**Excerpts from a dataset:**
********************
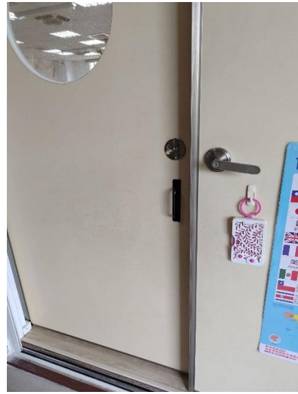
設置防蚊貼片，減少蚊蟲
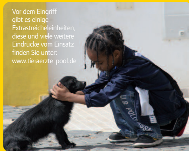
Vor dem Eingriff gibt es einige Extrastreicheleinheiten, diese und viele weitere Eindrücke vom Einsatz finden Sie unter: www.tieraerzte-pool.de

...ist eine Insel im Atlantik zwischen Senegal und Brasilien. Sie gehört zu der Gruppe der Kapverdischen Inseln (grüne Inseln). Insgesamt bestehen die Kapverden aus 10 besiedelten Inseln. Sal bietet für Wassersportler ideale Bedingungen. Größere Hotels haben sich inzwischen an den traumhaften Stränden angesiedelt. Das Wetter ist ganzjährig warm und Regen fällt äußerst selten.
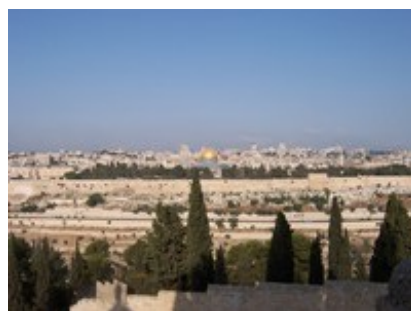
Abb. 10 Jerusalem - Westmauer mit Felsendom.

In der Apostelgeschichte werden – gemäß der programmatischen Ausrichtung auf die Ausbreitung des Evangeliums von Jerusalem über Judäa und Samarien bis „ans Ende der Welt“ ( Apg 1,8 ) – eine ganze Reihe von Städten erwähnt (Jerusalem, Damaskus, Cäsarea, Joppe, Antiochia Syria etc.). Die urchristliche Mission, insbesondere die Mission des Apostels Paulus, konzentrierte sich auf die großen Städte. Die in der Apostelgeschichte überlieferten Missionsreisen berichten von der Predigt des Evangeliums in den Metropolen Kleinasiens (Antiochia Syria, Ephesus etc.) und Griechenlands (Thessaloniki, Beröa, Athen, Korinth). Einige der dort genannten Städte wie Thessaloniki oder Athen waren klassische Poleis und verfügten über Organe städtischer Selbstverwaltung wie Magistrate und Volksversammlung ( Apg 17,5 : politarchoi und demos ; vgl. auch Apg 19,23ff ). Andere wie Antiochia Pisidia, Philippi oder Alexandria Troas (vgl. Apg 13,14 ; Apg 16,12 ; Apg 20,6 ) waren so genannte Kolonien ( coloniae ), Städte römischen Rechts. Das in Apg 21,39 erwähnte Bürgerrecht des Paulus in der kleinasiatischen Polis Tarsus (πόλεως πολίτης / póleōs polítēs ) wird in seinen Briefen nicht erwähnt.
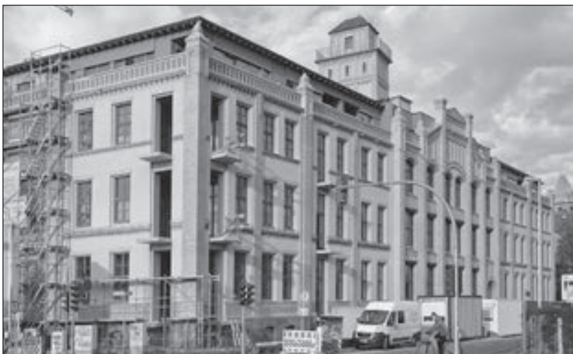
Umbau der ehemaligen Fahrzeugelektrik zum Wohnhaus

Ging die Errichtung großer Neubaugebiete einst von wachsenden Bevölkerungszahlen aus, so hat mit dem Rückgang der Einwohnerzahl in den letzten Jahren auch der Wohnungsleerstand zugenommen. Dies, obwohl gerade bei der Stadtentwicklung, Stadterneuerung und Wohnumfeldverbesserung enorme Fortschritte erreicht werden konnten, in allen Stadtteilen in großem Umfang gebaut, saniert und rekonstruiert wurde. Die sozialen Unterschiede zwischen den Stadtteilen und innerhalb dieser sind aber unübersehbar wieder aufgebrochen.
********************
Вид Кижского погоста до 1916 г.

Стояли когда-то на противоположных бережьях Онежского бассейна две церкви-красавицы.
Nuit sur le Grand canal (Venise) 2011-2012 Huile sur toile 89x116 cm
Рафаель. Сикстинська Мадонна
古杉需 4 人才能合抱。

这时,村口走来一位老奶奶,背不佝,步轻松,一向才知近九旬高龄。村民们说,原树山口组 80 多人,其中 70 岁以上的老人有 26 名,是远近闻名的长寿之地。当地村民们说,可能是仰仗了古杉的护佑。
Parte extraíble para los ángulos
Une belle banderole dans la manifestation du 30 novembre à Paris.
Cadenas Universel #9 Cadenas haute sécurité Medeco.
********************
Your answer must be the exact lines from the records above, from the one containing "設置防蚊貼片，減少蚊蟲" through the one containing "Abb. 10 Jerusalem - Westmauer mit Felsendom.", both included, with every picture left out.

設置防蚊貼片，減少蚊蟲
Vor dem Eingriff gibt es einige Extrastreicheleinheiten, diese und viele weitere Eindrücke vom Einsatz finden Sie unter: www.tieraerzte-pool.de

...ist eine Insel im Atlantik zwischen Senegal und Brasilien. Sie gehört zu der Gruppe der Kapverdischen Inseln (grüne Inseln). Insgesamt bestehen die Kapverden aus 10 besiedelten Inseln. Sal bietet für Wassersportler ideale Bedingungen. Größere Hotels haben sich inzwischen an den traumhaften Stränden angesiedelt. Das Wetter ist ganzjährig warm und Regen fällt äußerst selten.
Abb. 10 Jerusalem - Westmauer mit Felsendom.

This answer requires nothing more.